* Task objective *
The expected output is the full data, repeated exactly, without pictures.

Stored records
+ + +
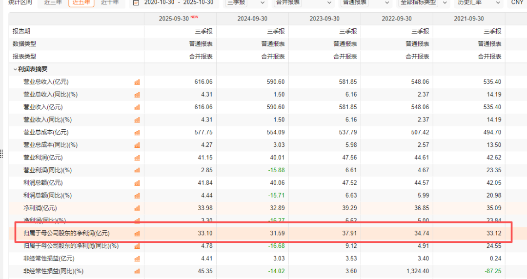 今年前三季度,白云山实现营收616.06亿元,同比增长4.31%;归母净利润33.1亿元,同比增长4.78%。乍一看,业绩似乎止住了下滑的势头。但深入分析数据,不难发现这份“增长”更多是基于去年低基数的反弹。与2022年、2023年同期相比,白云山的利润水平仍有较大差距,距离巅峰期更是遥不可及。
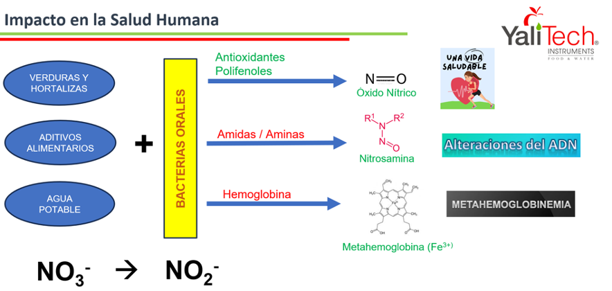 Por otro parte, si el Nitrato proviene de alimentos preservados, tales como cecinas o embutidos, el nitrato se transforma a Nitrito, el que puede reaccionar con aminas o amidas presentes en el alimento para formar compuestos Órgano-Nitrogenados, como la Nitrosamina, por ejemplo. Este tipo de compuestos son considerados cancerígenos.
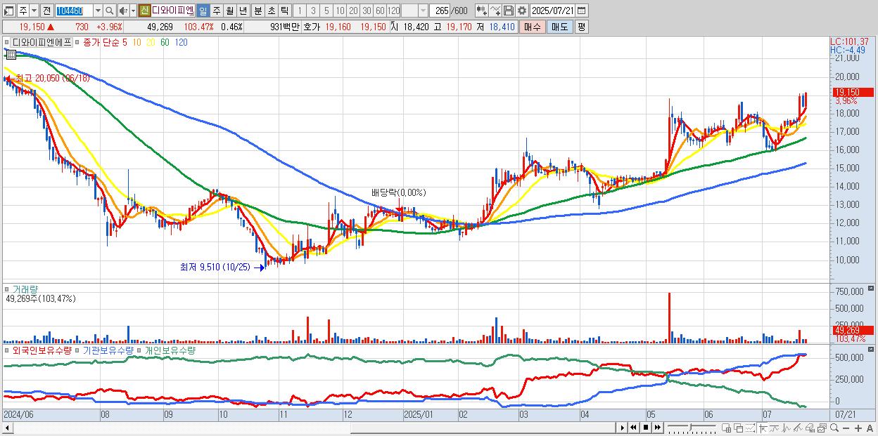 - 디와이피엔에프 (19,150원 ▲ 3.96% , 시총: 2,052억, 거래량: 49,269, 거래대금:9억, KOSDAQ)
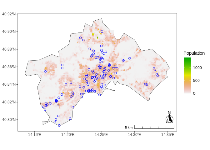 These datasets include the coordinates of public drinking water fountains (blue dots) in Naples, Italy (naples_fountains); a gridded population raster from the Global Human Settlement Layer (GHSL) Population Grid (GHS-POP) (naples_population); a 100-meter resolution heat hazard map, representing the number of days with Wet-Bulb Globe Temperature above 25°C during 2008–2017, obtained from the UrbClim model (naples_hot_days); and the city’s administrative boundaries (naples_shape).
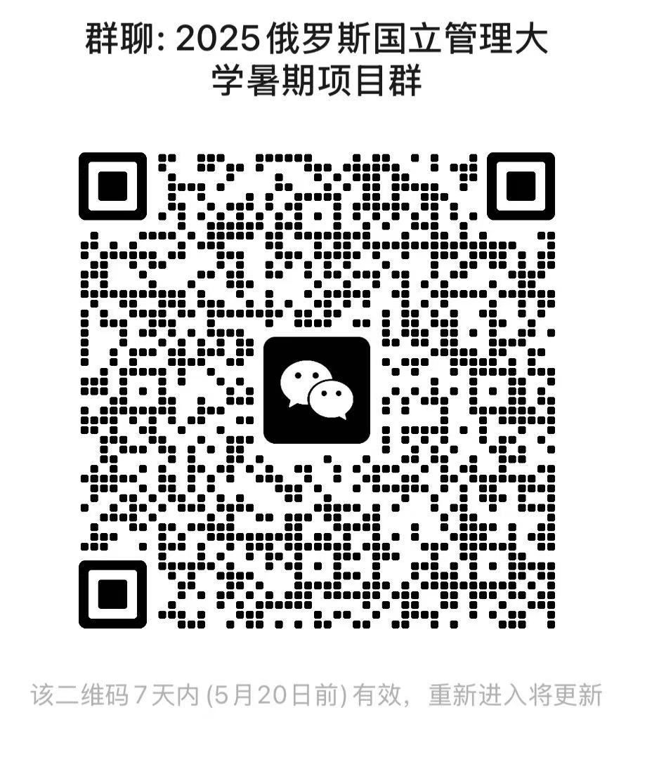 请感兴趣的同学扫码入项目群,并于5月20日前在学生出国系统里提交申请,选择:短期调研实习项目-院级项目-捷克论坛 -2025俄罗斯国立管理大学暑期项目。
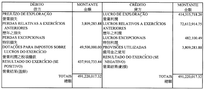 Resultado de exercício........................................................................ | $ 437 910 733,44 |
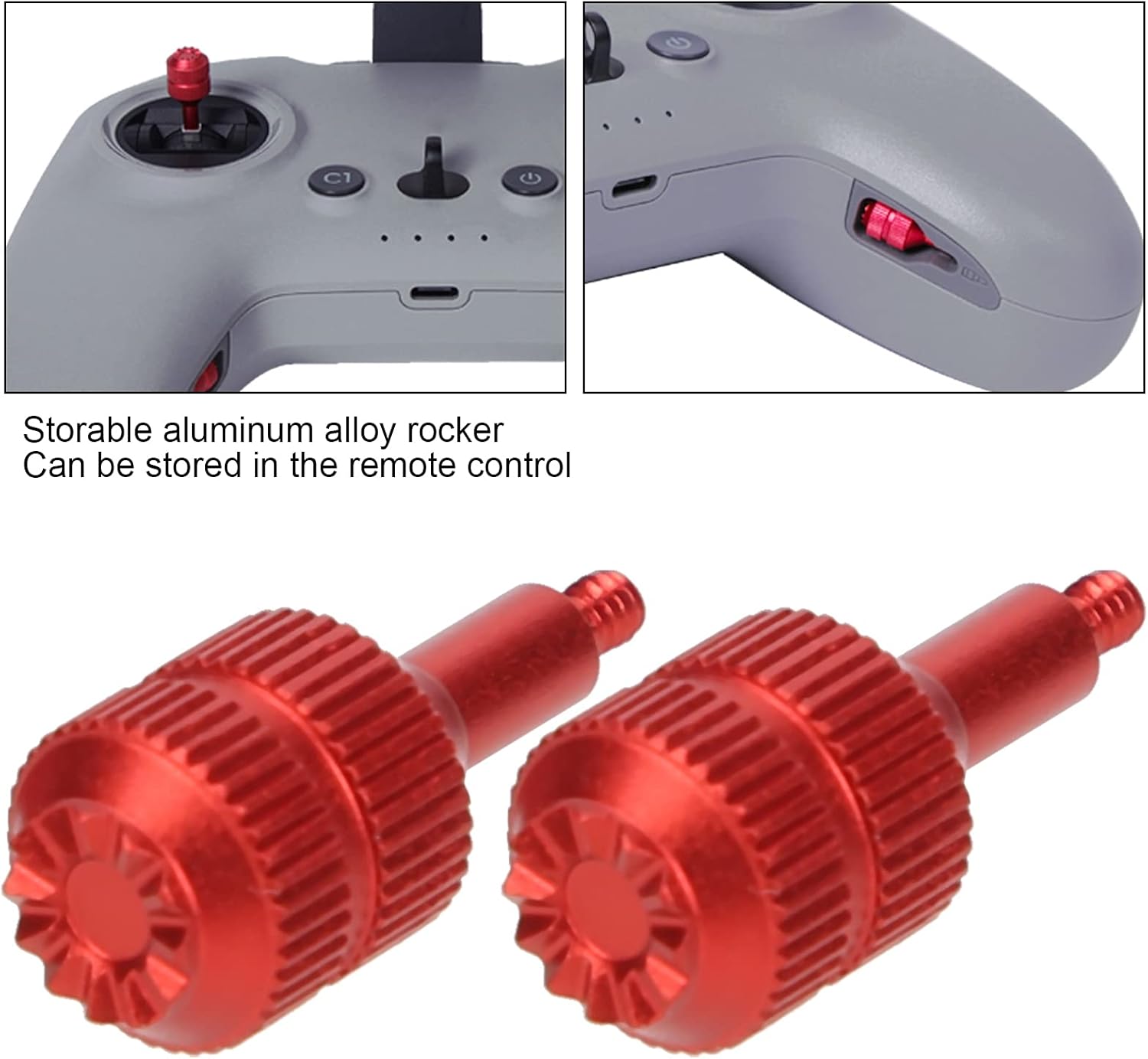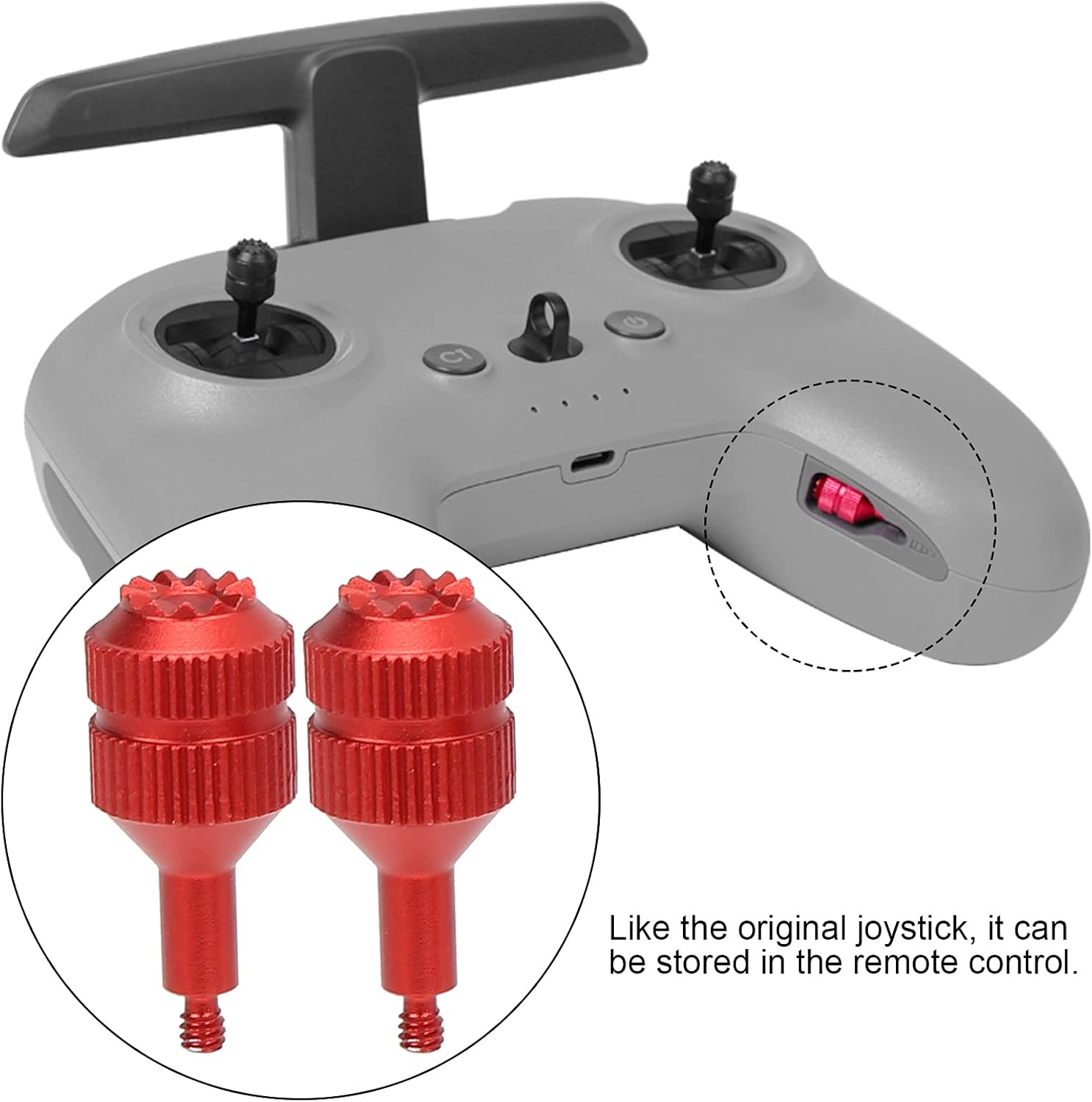 [Vestibilità perfetta e design riponibile] Questi joystick in lega di alluminio sono appositamente progettati per il telecomando D-JI-FPV V2 per garantire un abbinamento perfetto con i joystick originali. Grazie al loro design compatto e facile da riporre, possono essere comodamente riposti all'interno del telecomando, rendendoli ideali per un utilizzo unico. [Lega di alluminio di alta qualità] Questi joystick in lega di alluminio di alta qualità sono leggeri ma resistenti per garantire che non aggiungano peso inutile al telecomando. Il materiale di alta qualità garantisce prestazioni e affidabilità di lunga durata anche con un uso frequente. [Elaborazione CNC di precisione] Ogni joystick è sottoposto a un'elaborazione di precisione CNC per garantire una finitura impeccabile e un adattamento preciso. Il processo di colorazione anodizzata non solo migliora l'aspetto dei joystick, ma fornisce anche una superficie liscia e bella che resiste all'usura. [Design ergonomico e antiscivolo] Tenendo presente l'ergonomia, questi joystick offrono una presa comoda e un controllo senza sforzo. Il design zigrinato offre un ottimo effetto antiscivolo e garantisce una presa sicura anche durante intense sessioni di volo. [Leggero e resistente] Questi joystick in lega di alluminio pesano solo 6 g per joystick, riducendo il carico sul telecomando. Nonostante il loro peso leggero, sono costruiti per resistere all'abuso della frequenza, rendendoli durevoli e adatti agli appassionati di droni.
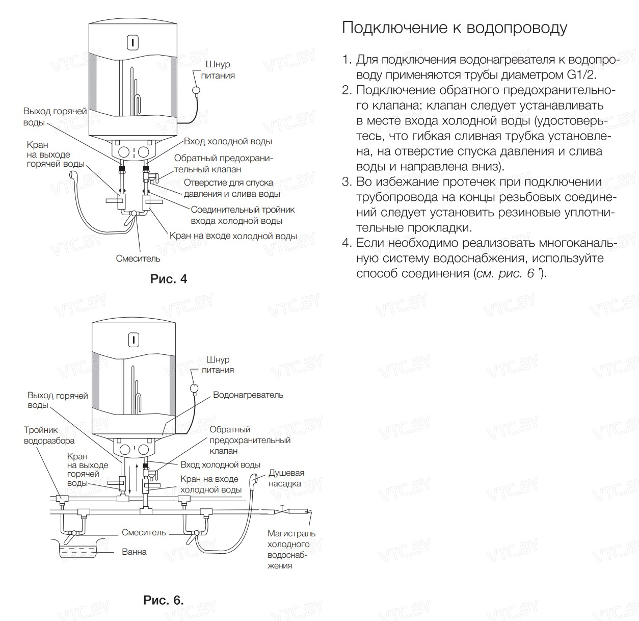 - Защита от превышения давления: Предохранительный клапан сбрасывает избыточное давление до 6 Бар.
+ + +
* Response for this exercise *
 今年前三季度,白云山实现营收616.06亿元,同比增长4.31%;归母净利润33.1亿元,同比增长4.78%。乍一看,业绩似乎止住了下滑的势头。但深入分析数据,不难发现这份“增长”更多是基于去年低基数的反弹。与2022年、2023年同期相比,白云山的利润水平仍有较大差距,距离巅峰期更是遥不可及。
 Por otro parte, si el Nitrato proviene de alimentos preservados, tales como cecinas o embutidos, el nitrato se transforma a Nitrito, el que puede reaccionar con aminas o amidas presentes en el alimento para formar compuestos Órgano-Nitrogenados, como la Nitrosamina, por ejemplo. Este tipo de compuestos son considerados cancerígenos.
 - 디와이피엔에프 (19,150원 ▲ 3.96% , 시총: 2,052억, 거래량: 49,269, 거래대금:9억, KOSDAQ)
 These datasets include the coordinates of public drinking water fountains (blue dots) in Naples, Italy (naples_fountains); a gridded population raster from the Global Human Settlement Layer (GHSL) Population Grid (GHS-POP) (naples_population); a 100-meter resolution heat hazard map, representing the number of days with Wet-Bulb Globe Temperature above 25°C during 2008–2017, obtained from the UrbClim model (naples_hot_days); and the city’s administrative boundaries (naples_shape).
 请感兴趣的同学扫码入项目群,并于5月20日前在学生出国系统里提交申请,选择:短期调研实习项目-院级项目-捷克论坛 -2025俄罗斯国立管理大学暑期项目。
 Resultado de exercício........................................................................ | $ 437 910 733,44 |
 [Vestibilità perfetta e design riponibile] Questi joystick in lega di alluminio sono appositamente progettati per il telecomando D-JI-FPV V2 per garantire un abbinamento perfetto con i joystick originali. Grazie al loro design compatto e facile da riporre, possono essere comodamente riposti all'interno del telecomando, rendendoli ideali per un utilizzo unico. [Lega di alluminio di alta qualità] Questi joystick in lega di alluminio di alta qualità sono leggeri ma resistenti per garantire che non aggiungano peso inutile al telecomando. Il materiale di alta qualità garantisce prestazioni e affidabilità di lunga durata anche con un uso frequente. [Elaborazione CNC di precisione] Ogni joystick è sottoposto a un'elaborazione di precisione CNC per garantire una finitura impeccabile e un adattamento preciso. Il processo di colorazione anodizzata non solo migliora l'aspetto dei joystick, ma fornisce anche una superficie liscia e bella che resiste all'usura. [Design ergonomico e antiscivolo] Tenendo presente l'ergonomia, questi joystick offrono una presa comoda e un controllo senza sforzo. Il design zigrinato offre un ottimo effetto antiscivolo e garantisce una presa sicura anche durante intense sessioni di volo. [Leggero e resistente] Questi joystick in lega di alluminio pesano solo 6 g per joystick, riducendo il carico sul telecomando. Nonostante il loro peso leggero, sono costruiti per resistere all'abuso della frequenza, rendendoli durevoli e adatti agli appassionati di droni.
 - Защита от превышения давления: Предохранительный клапан сбрасывает избыточное давление до 6 Бар.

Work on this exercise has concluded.